我认为最好的做法是找到 '@' 符号的索引,并向两个方向搜索,直到要么到达字符串的末尾,或者遇到一个空格。有人能帮我实现这个功能吗?
使用 TSQL 从字符串中提取电子邮件地址
8
- Anthony
1
1我会使用PATINDEX来查找电子邮件地址的起始位置。在网上搜索电子邮件地址的模式:您将从最简单的模式到最复杂的模式,这些模式甚至可能无法被SQL-Server识别。然后,我将使用CHARINDEX来定位下一个空格或字符串的结尾(如果CHARINDEX没有返回任何内容)。 - cha
8个回答
11
我知道wewesthemenace已经回答了这个问题,但他/她的解决方案似乎过于复杂。为什么要将电子邮件地址的左侧和右侧连接在一起呢?我宁愿找到电子邮件地址的开头和结尾,然后使用子字符串返回电子邮件地址,如下所示:
我的表格
DECLARE @Table TABLE (comment NVARCHAR(50));
INSERT INTO @Table
VALUES ('blah MyEmailAddress@domain.org'), --At the end
('blah MyEmailAddress@domain.org blah blah'), --In the middle
('MyEmailAddress@domain.org blah'), --At the beginning
('no email');
实际查询:
SELECT comment,
CASE
WHEN CHARINDEX('@',comment) = 0 THEN NULL
ELSE SUBSTRING(comment,beginningOfEmail,endOfEmail-beginningOfEmail)
END email
FROM @Table
CROSS APPLY (SELECT CHARINDEX(' ',comment + ' ',CHARINDEX('@',comment))) AS A(endOfEmail)

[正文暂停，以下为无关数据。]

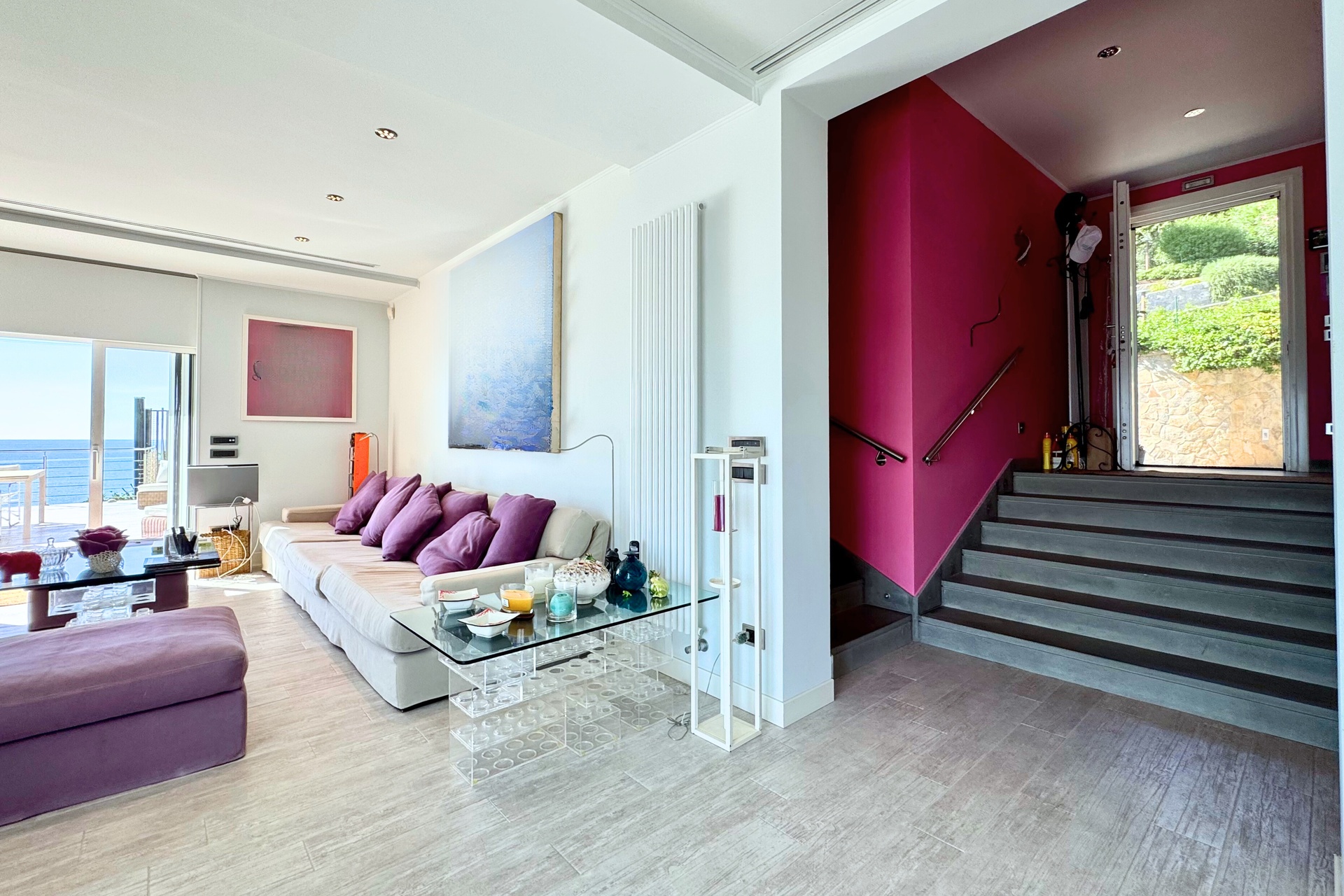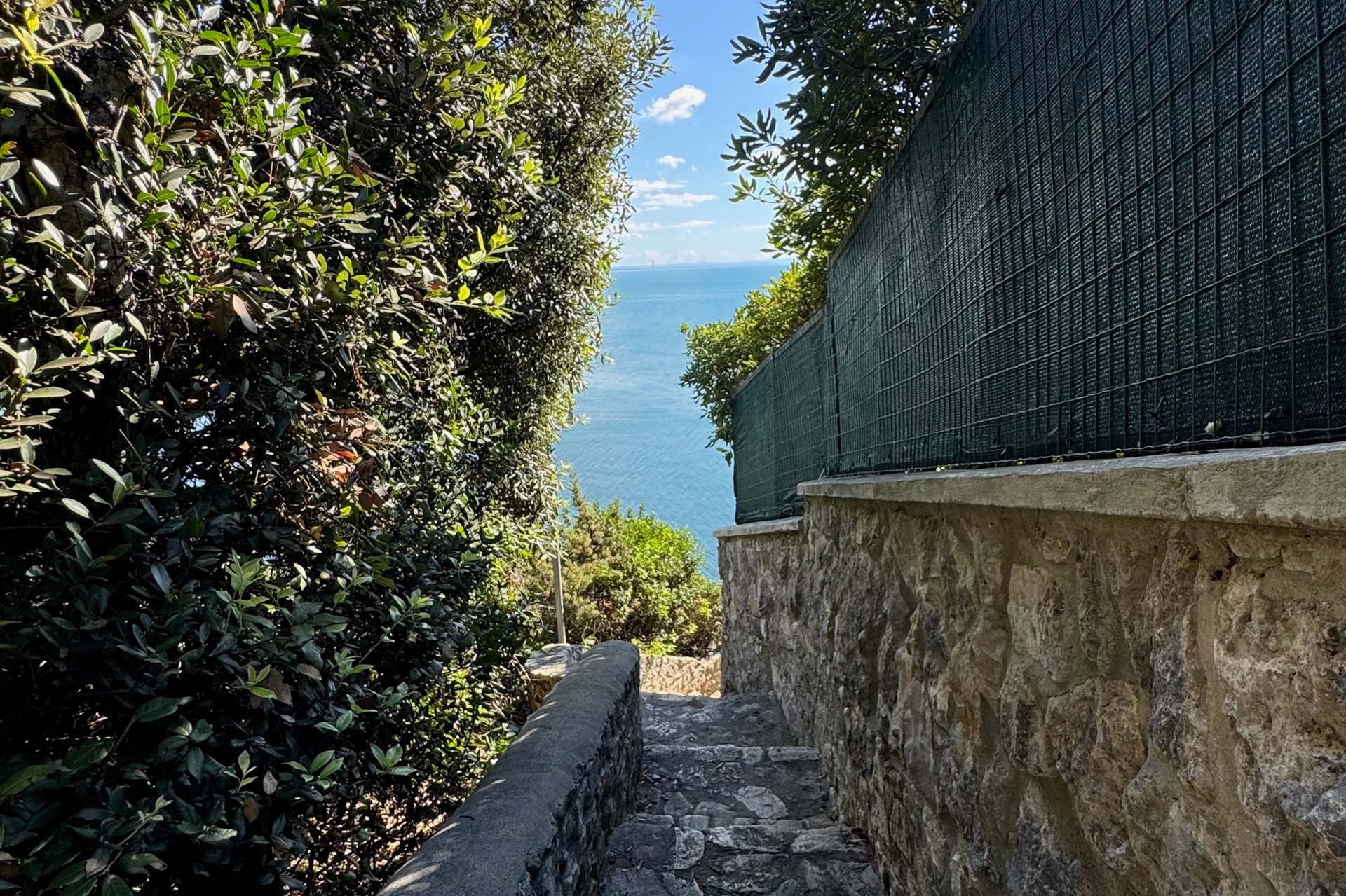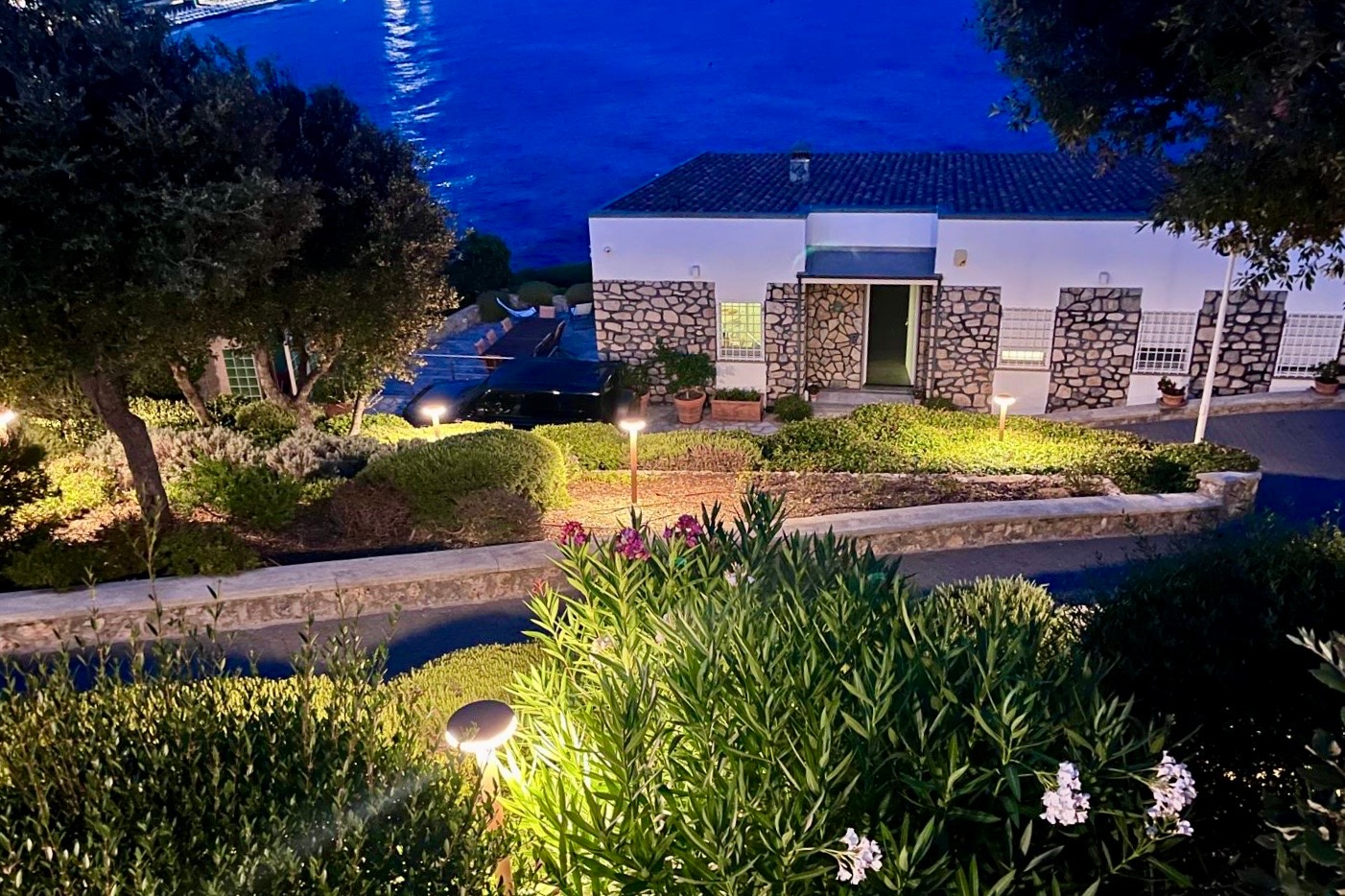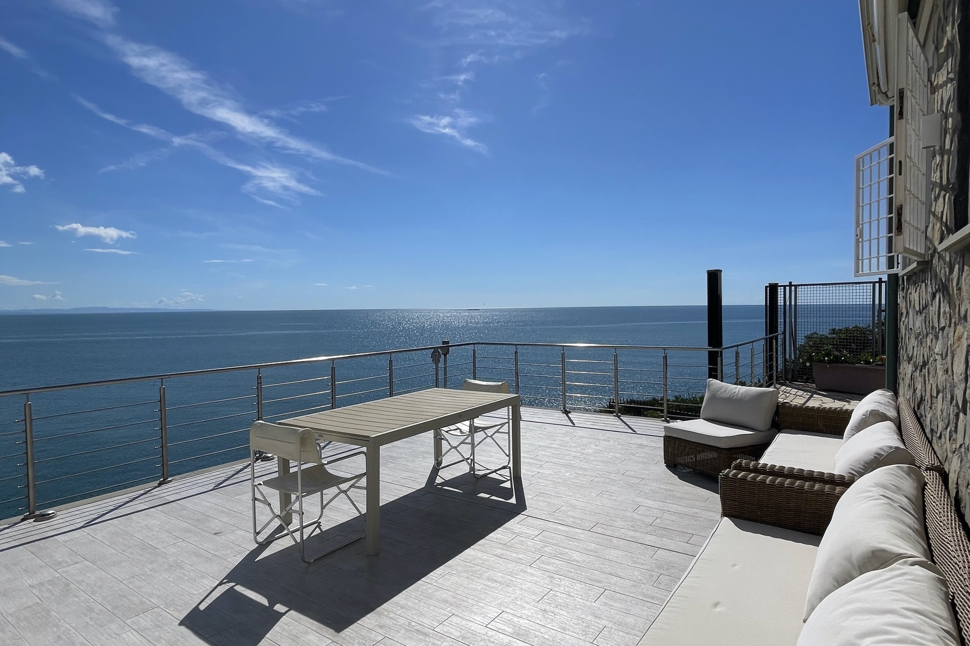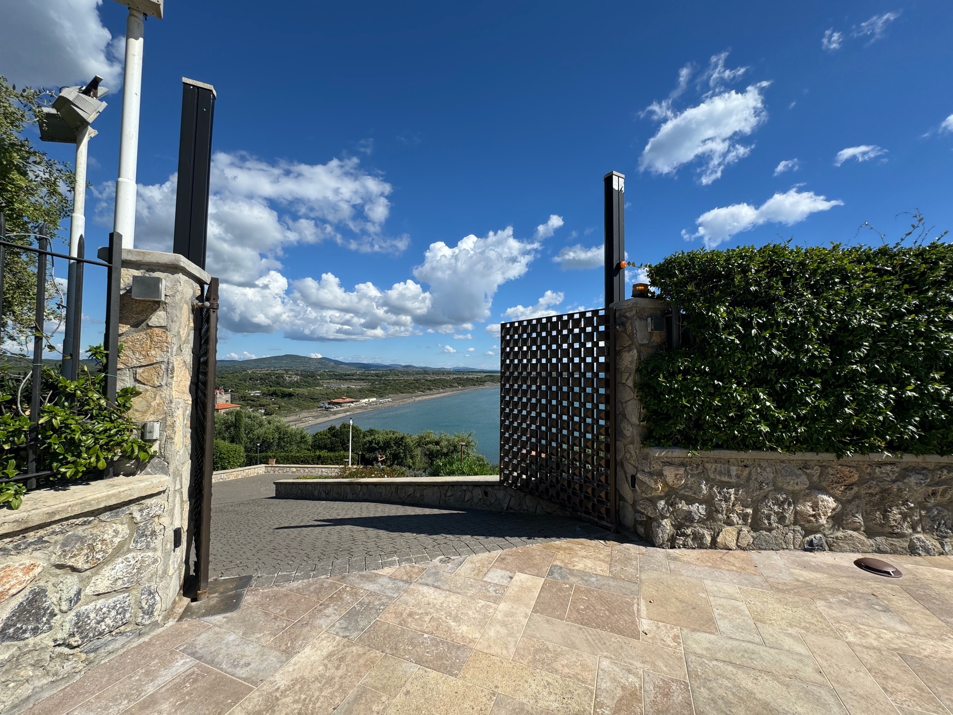 The ground floor features a bright living room with a fireplace and a panoramic terrace, making it an ideal space for entertaining or enjoying the remarkable view. The fully equipped kitchen, featuring a large refrigerator, a professional ice maker, and a wine cellar, is perfectly suited for food and wine enthusiasts. The three bedrooms, each with an en suite bathroom, ensure privacy and comfort. The lower level includes a guest room with a private bathroom and independent access, as well as a room for service staff, a laundry area, and space for technical equipment. These spaces are managed via home automation technology for easy remote control. The total gross floor area, covering main rooms, ancillary spaces, and both direct and indirect areas, measures 280 square meters, complemented by 86 square meters of terraces, balconies, and porches. The villa is complemented by a 1,234-square-meter manicured garden, accessible via a driveway ramp that leads from the electric entry gate to the villa's entrance. There is space for a lovely swimming pool, though the sea is very close, and a staircase connects the property to the path that leads to the nearby Tagliata Beach.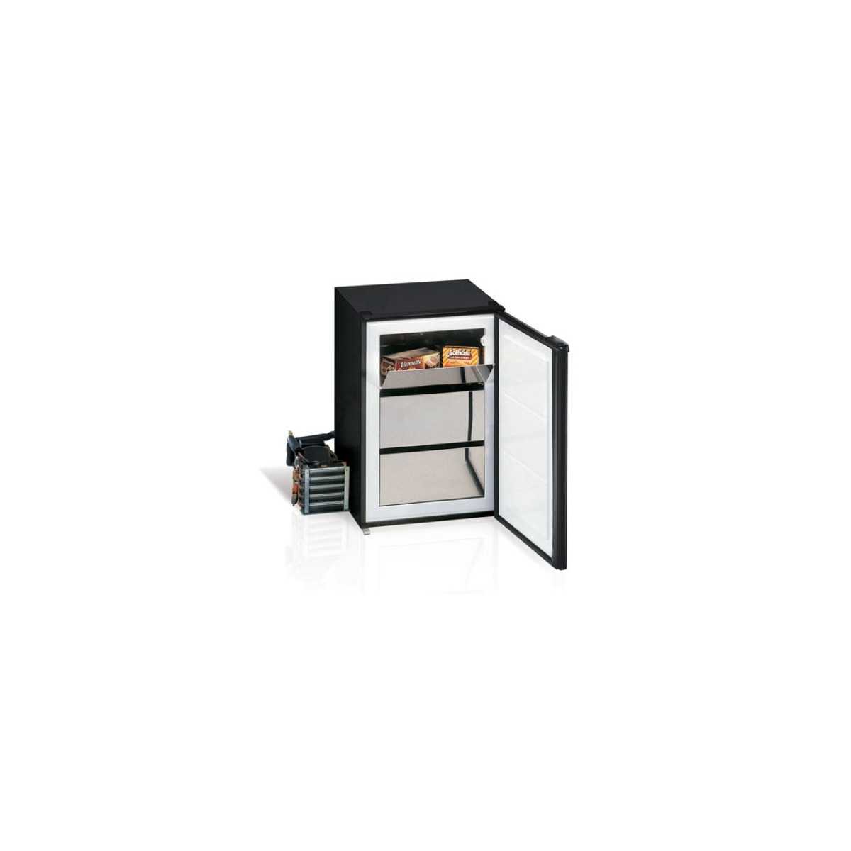 Congelatore 110 litri, alimentato in corrente continua a 12/24V, a basso consumo, ideale abbinamento a kit fotovoltaici per baite isolate, camper, imbarcazioni e in generale per risparmio energetico. Completo di gruppo refrigerante interno.

CROSS APPLY (SELECT DATALENGTH(comment)/2 - CHARINDEX(' ',REVERSE(' ' + comment),CHARINDEX('@',REVERSE(' ' + comment))) + 2) AS B(beginningOfEmail)
结果:
comment email
-------------------------------------------------- --------------------------------------------------
blah MyEmailAddress@domain.org MyEmailAddress@domain.org
blah MyEmailAddress@domain.org blah blah MyEmailAddress@domain.org
MyEmailAddress@domain.org blah MyEmailAddress@domain.org
no email NULL
- Stephan
4
1当我使用它时,似乎会抛出“传递给左侧或子字符串函数的无效长度参数”异常。 - Anthony
2我的表中的数据类型是nvarchar,所以我将DATALENGTH更改为LEN,然后就可以了。谢谢。 - Anthony
1LEN()忽略末尾的空格。DATALENGTH()不会忽略空格,但它的工作方式有些不同。它列出字节。因此,对于VARCHAR(非Unicode),字节=字符串长度。对于NVARCHAR(Unicode),您需要使用DATALENGTH()除以2。 - Stephan
对我来说效果很好,比被接受的解决方案简洁得多,该解决方案在处理我的数据时还生成了错误的结果。此外,从中学到了一个知识点,即LEN函数不包括字符串末尾的空格,这是我之前不知道的! - Shaun
7
你可以在字符串中搜索
例子字符串:
'@'。然后获取'@'左侧和右侧的字符串。然后,你想要反转'@'左侧的字符串,并找到第一个出现的空格,然后从那里获取SUBSTRING。然后将其反转以获得原始形式。同样的准则适用于右侧,不需要进行REVERSE。例子字符串:
'some text someemail@domain.org some text'
LEFT= 'some text someemail'RIGHT= '@domain.org some text'- 反转左侧 = 'liameemos txet emos'
SUBSTRING到第一个空格 = 'liameemos'REVERSE(4) = someemailSUBSTRING(2) 到第一个空格 = '@domain.org'- 组合步骤 5 和 6 = 'someemail@domain.org'
;WITH CteEmail(email) AS(
SELECT 'someemail@domain.org' UNION ALL
SELECT 'some text someemail@domain.org some text' UNION ALL
SELECT 'no email'
)
,CteStrings AS(
SELECT
[Left] = LEFT(email, CHARINDEX('@', email, 0) - 1),
Reverse_Left = REVERSE(LEFT(email, CHARINDEX('@', email, 0) - 1)),
[Right] = RIGHT(email, CHARINDEX('@', email, 0) + 1)
FROM CteEmail
WHERE email LIKE '%@%'
)
SELECT *,
REVERSE(
SUBSTRING(Reverse_Left, 0,
CASE
WHEN CHARINDEX(' ', Reverse_Left, 0) = 0 THEN LEN(Reverse_Left) + 1
ELSE CHARINDEX(' ', Reverse_Left, 0)
END
)
)
+
SUBSTRING([Right], 0,
CASE
WHEN CHARINDEX(' ', [Right], 0) = 0 THEN LEN([Right]) + 1
ELSE CHARINDEX(' ', [Right], 0)
END
)
FROM CteStrings
样本数据:
email
----------------------------------------
someemail@domain.org
some text someemail@domain.org some text
no email
结果
---------------------
someemail@domain.org
someemail@domain.org
- Felix Pamittan
2
请务必阅读有关
SUBSTRING、LEFT 和 RIGHT 函数的内容。 - Felix Pamittan1右侧列存在问题。应该包括LEN。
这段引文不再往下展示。